Cardo suggests Suzman’s success was achieved by being “clear, consistent and principled”. He notes with approval historian Hermann Giliomee’s words that one should not “bat on your opponent’s pitch”, but omits that he made this warning to the DA caucus itself.

Of course, for many of her years, Suzman led a parliamentary army of one. She was unburdened by compromise, tactics and coalition building. Today, the DA is one hundred times larger than it was then. But offering a compelling alternative, painted in your own colours, refreshing old principles fit for current purposes is the way to start winning an argument, an essential precondition to winning the vote.

Just one compelling difference that few here have alighted on: under its command economy, the Soviet Union tottered into bankruptcy, hastening its demise in 1991. SA, also with a state-led economy, is following a similar path.

Planned socialist alternatives to the market economy do not work. That simple but compelling message was conveyed in a recent analysis in the Financial Times by economist Sergei Guriev. He notes the essential difference: “In a socialist economy all inefficient enterprises are bailed out by the state — hence managers have no incentives to avoid bankruptcy…. If a capitalist firm goes bust, private shareholders lose their equity. If a socialist one cannot pay its debts, they are taken over by the state — and eventually the whole state goes bankrupt.”

Strangely enough, the one entity in SA alert to this danger is the Treasury. While being too timid to suggest radical policy change, in its fiscal risk statement, it pins a precise number on the state guarantees to state-owned and related enterprises: R445bn.

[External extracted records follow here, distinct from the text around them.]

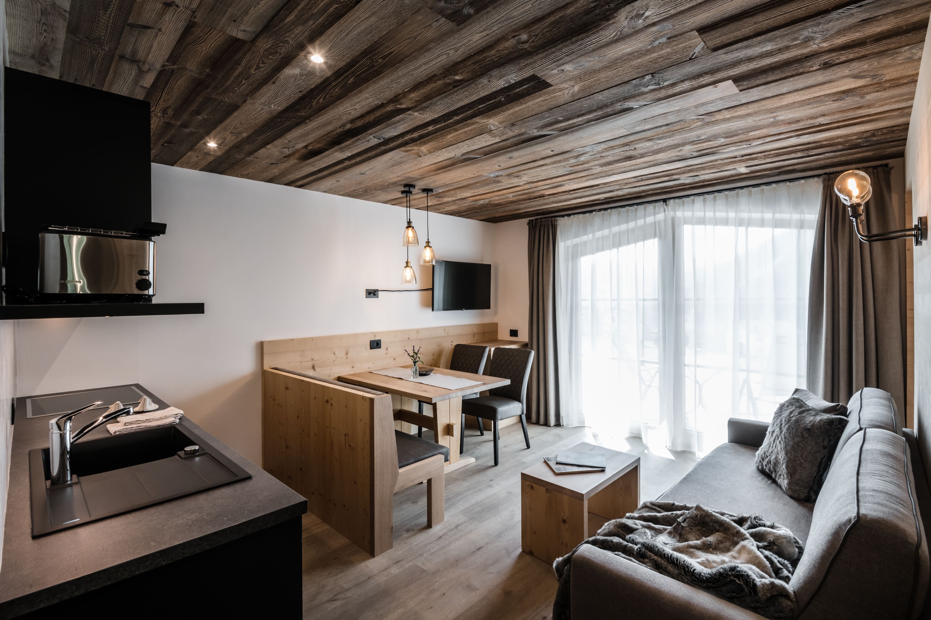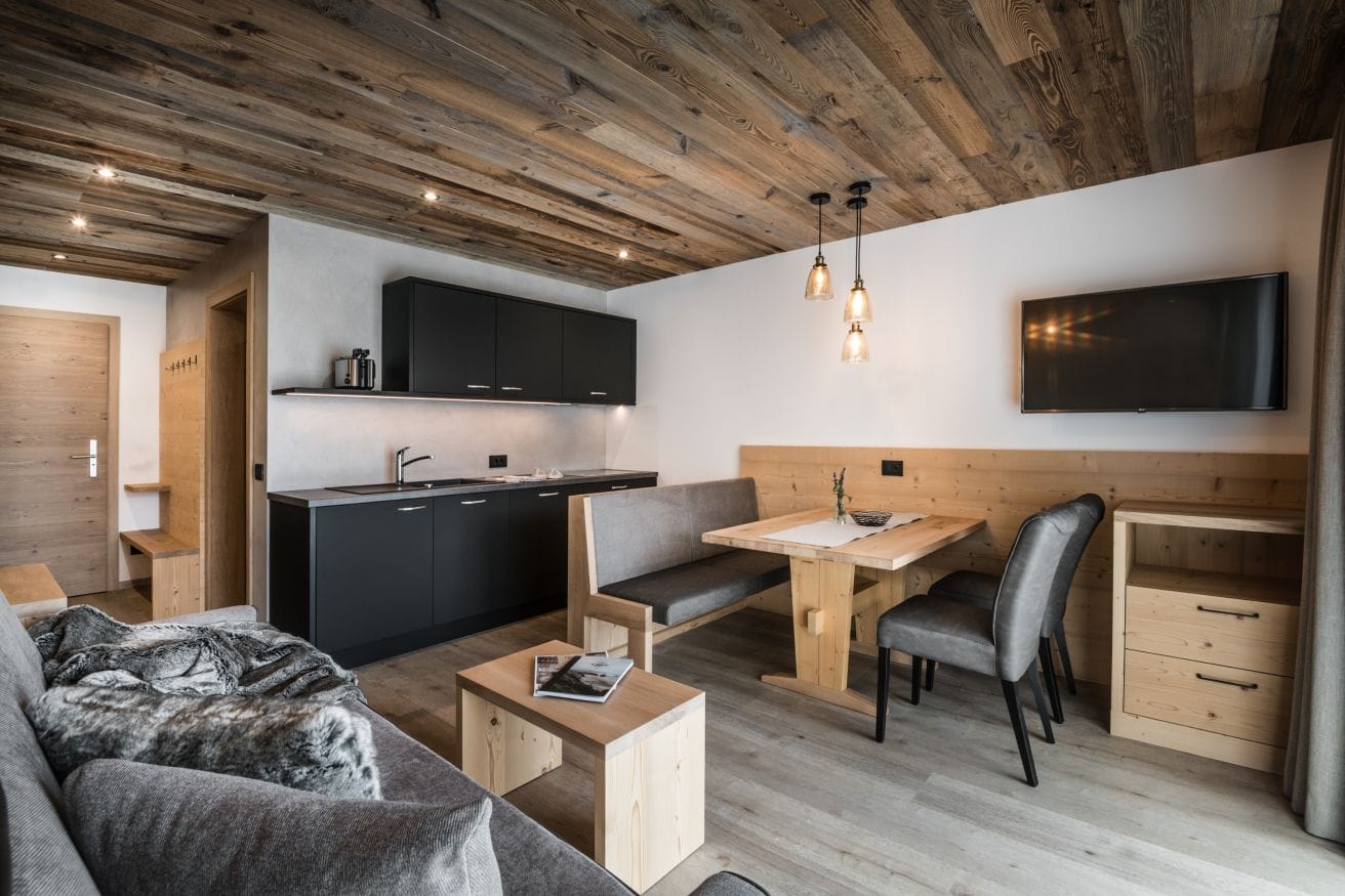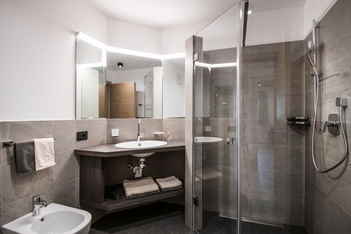 All floors are heated, and in the living room with TV/Sat the sofa can be turned into a double bed. The kitchen is fully-equipped with electric stove, fridge and freezer, dishwasher with tabs, microwave oven, electric kettle, filter coffee machine or coffee capsule machine. From the wide glass window you have direct access to the garden, from where you enjoy a panoramic view of of the Sella group.
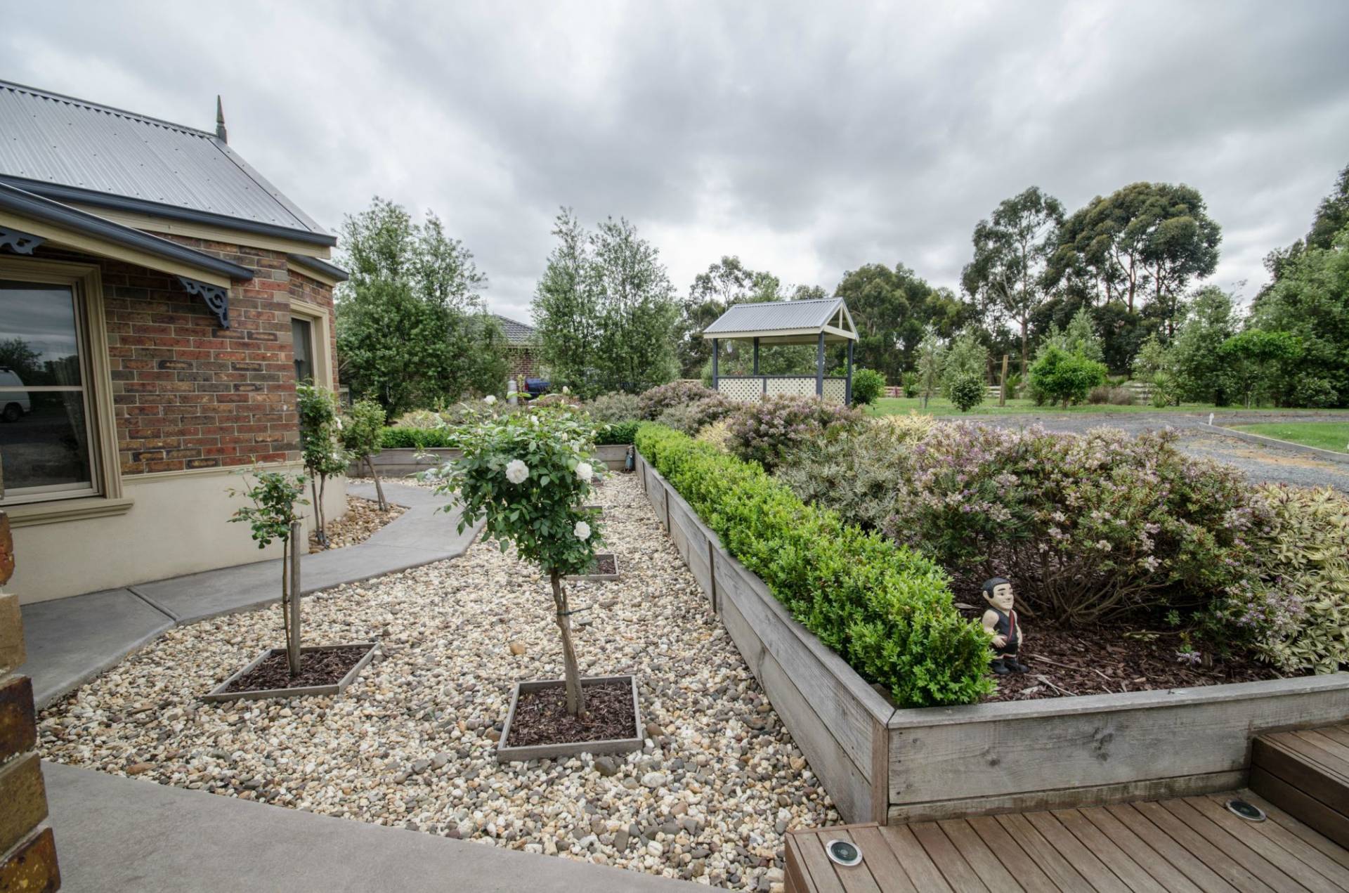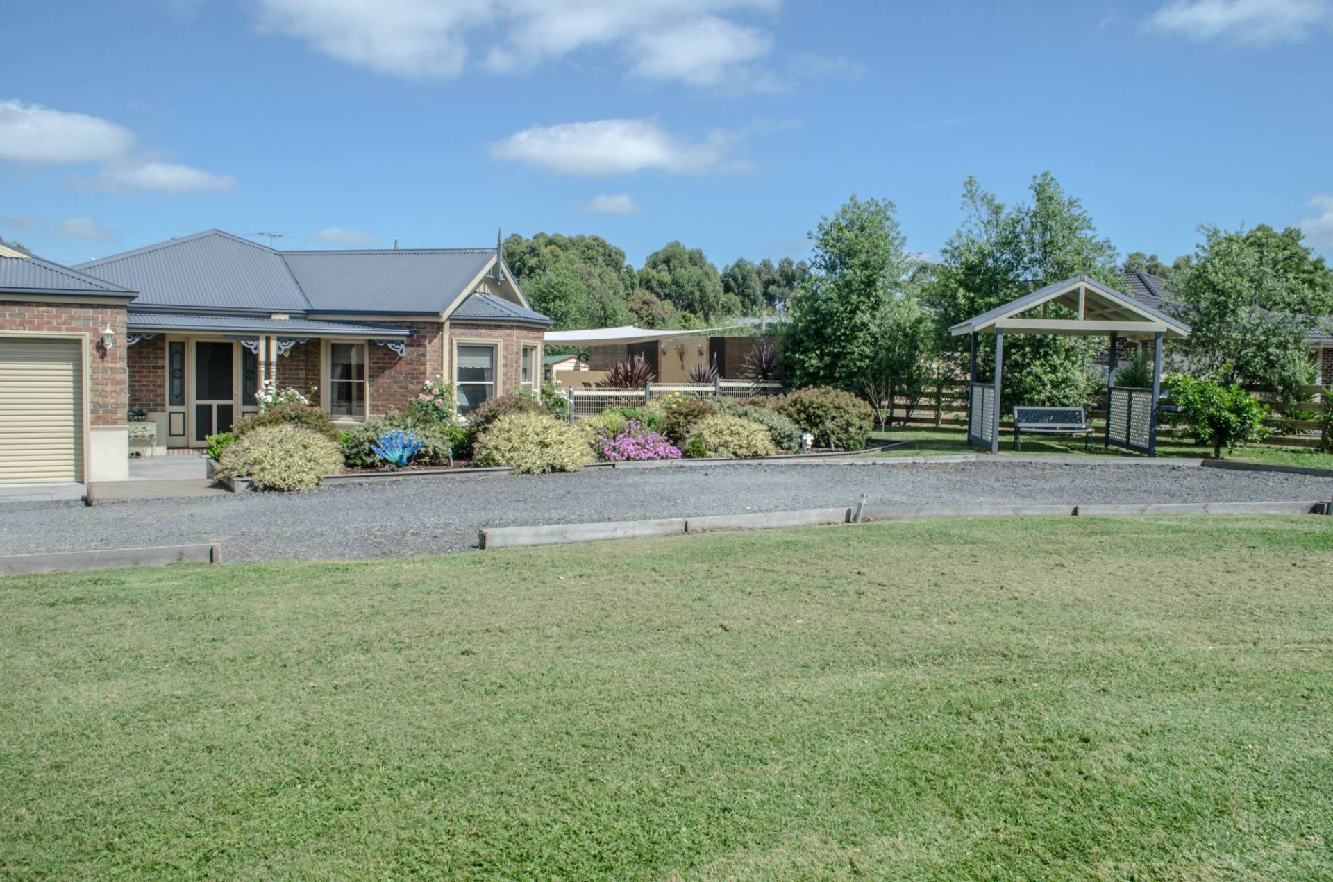 Horseshoe driveway with beautiful gardens and a Gazebo to sit watching the sun come up over the hills with your morning coffee. With ample shedding a 6 x 3m2 and a 10 x 6m high bay shed for the handyman and also all that storage. Plenty of space for the kids to kick the footy or for that dream pony with owns its paddock and many more extras.
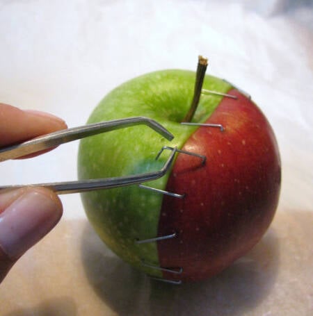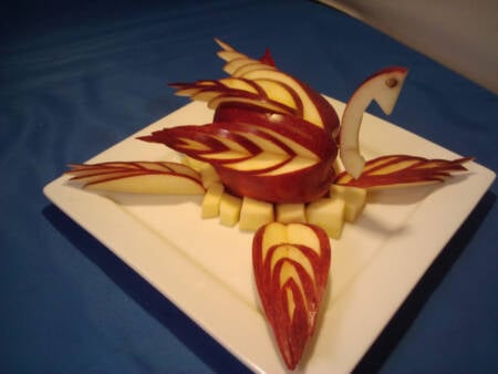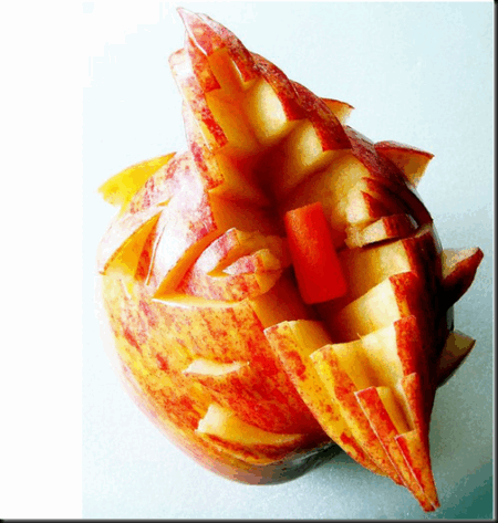 Tem um pouco de tudo nessa série, desde incríveis trabalhos que parecem pinturas apenas cortando a casca da maçã como o apresentado acima, deliciosas maçãs do amor em seus diversos formatos, pequenas esculturas feitas com pedaços de maçã e algumas feitas com outras frutas, uma pequena série para agradar as crianças e uma série que eu chamaria de maçã Frankenstein onde eles misturam maçãs verdes e vermelhas para compor belos trabalhos.
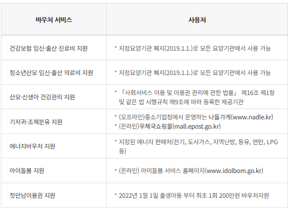 - 첫만남이용권 : 2022년 1월 1일 이후 출생한 모든 신생아
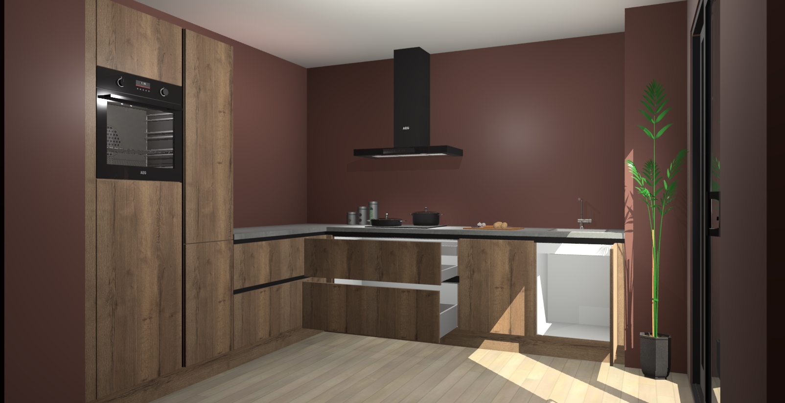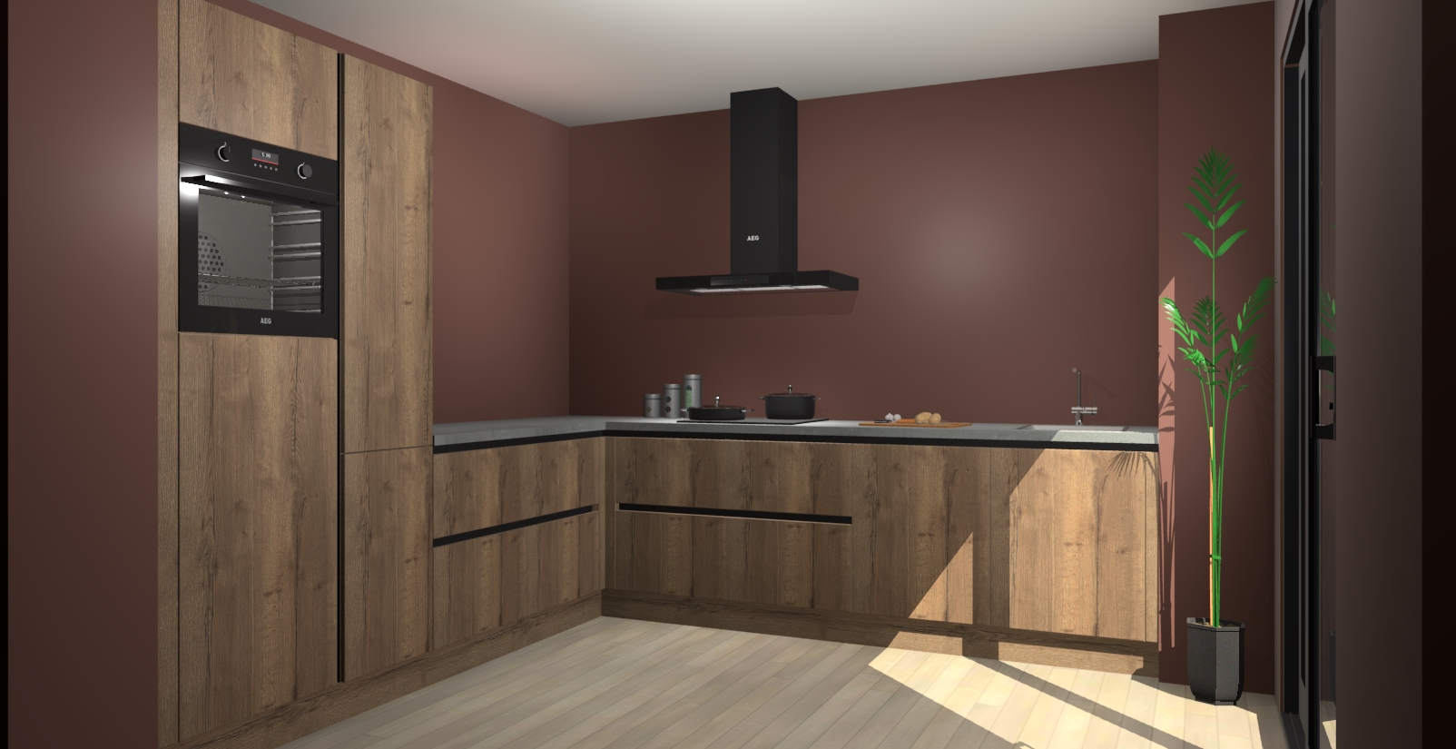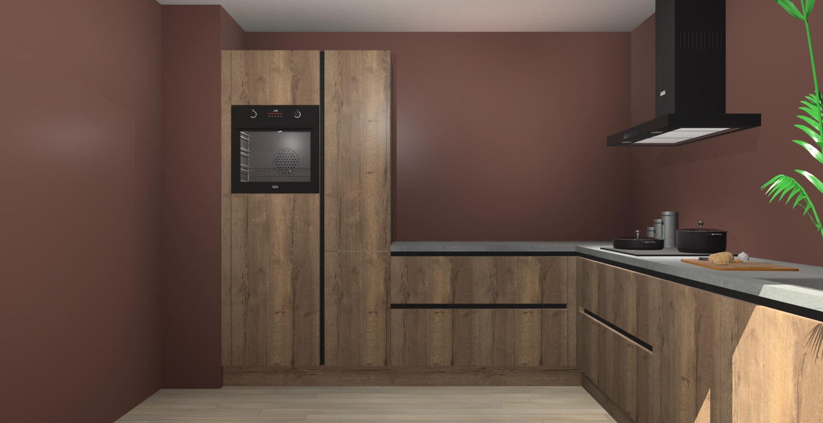 Laat u verrassen door de nieuwste en meest innovatieve keuken van dit moment: De Chocolade Eiken greeploze keuken Antibes. Deze chique keuken straalt een stijlvolle sfeer uit die zeker bewondering zal oogsten bij uw gasten. Als u op zoek bent naar voldoende opbergruimte voor al uw keukengadgets en -gerei, dan is dit de perfecte oplossing. Met ingebouwde apparatuur zoals een oven, inductiekookplaat, afzuigkap, vaatwasser en koelkast! U krijgt niet alleen veel opbergruimte, maar ook een betrouwbaar soft close-deursysteem dat ervoor zorgt dat er nooit meer kastdeuren dichtslaan!

It also points out the huge risk this poses to the sovereign balance sheet.

But there is a compelling political argument to make about the role of the market, the fact that you cannot be simultaneously progrowth and antibusiness, and that more people in history have been lifted out of poverty through free markets that are neither corrupted nor indifferent to human misery.

Suzman won fame as a fighter for human rights, but her training was as an economist. She would certainly approve of such an approach, and not mimic her opponents but tell them to get lost. Or something earthier.